SIRS is an inflammatory state affecting the whole body. It is the body's response to an infectious or noninfectious insult. SIRS is closely related to sepsis, in which patients satisfy criteria for SIRS and have a suspected or proven infection (11).

Reseach in sepsis has shown:
  1. PDH-complex activity is impaired in sepsis (12).
  2. DCA reactivates PDH-complex activity in a mice model of sepsis (using  Seahorse Technology). This rebalanced innate and adaptive immunity(12).
  3. There is a metabolic switch between carbohydrate-fuled hyperinflammation to lipid-fueled hypo-inflammation in sepsis (13).
  4. A sepsis-model with LPS-treated monocytes showed (14):
    * a block at isocitrate in the TCA cycle
    * a block at succinate dehydrogenase in the TCA-cycle (thereby limiting FAD)
    * decreased succinylcarnitine
    * increased itaconate
  5. Increased oxygen consumption for anabolism during hyper-inflammation in sepsis switch to decreased oxygen consumption during the hypo-inflammatory phase. The immunometabolic paralysis and the catabolic low-energy state is similar to hibernation (13, 14).
  6. There is a sepsis-associated dysfunction of the mitochondrial respiratory system. Mitochondria may be challenged by mediators of inflammation that impair oxygen utilization ( cytopathic hypoxia) (15).

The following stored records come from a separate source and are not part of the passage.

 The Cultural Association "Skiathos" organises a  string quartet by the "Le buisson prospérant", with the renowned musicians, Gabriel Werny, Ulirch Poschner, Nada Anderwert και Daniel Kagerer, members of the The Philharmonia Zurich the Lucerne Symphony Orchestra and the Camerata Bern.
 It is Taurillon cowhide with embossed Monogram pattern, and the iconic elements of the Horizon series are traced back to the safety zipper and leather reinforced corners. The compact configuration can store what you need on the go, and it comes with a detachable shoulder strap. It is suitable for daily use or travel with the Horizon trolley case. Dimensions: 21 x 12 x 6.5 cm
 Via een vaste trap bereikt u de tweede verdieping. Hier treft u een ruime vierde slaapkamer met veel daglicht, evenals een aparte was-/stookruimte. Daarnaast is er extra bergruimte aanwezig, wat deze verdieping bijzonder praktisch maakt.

Use the knowledge from research in sepsis to solve ME

ME is not sepsis, but we can be inspired by research in sepsis to create new studies in ME. Fx. we could measure itaconate. Is it involved in ME?
And we could incubate monocytes from ME patients with DCA in the Seahorse. Would the hibernation be resolved?

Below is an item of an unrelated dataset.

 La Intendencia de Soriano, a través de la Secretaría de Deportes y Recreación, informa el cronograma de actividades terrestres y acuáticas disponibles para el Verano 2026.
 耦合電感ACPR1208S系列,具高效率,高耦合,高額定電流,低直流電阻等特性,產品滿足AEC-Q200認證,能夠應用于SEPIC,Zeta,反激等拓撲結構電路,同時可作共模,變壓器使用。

DCA is toxic, but there are other medications that may be repurposed to ME.

ME is not the only disease with flat batteries. Several scientists are looking into the metabolic shut-down, which follows a wide range of insults to the body (16).

Information from professor Systrom at the NIH ME/CFS Conference 2019: 40% of the ME patients have small fiber neuropathy (17). Interestingly, small nerve fibers are impaired in patients with sepsis (18).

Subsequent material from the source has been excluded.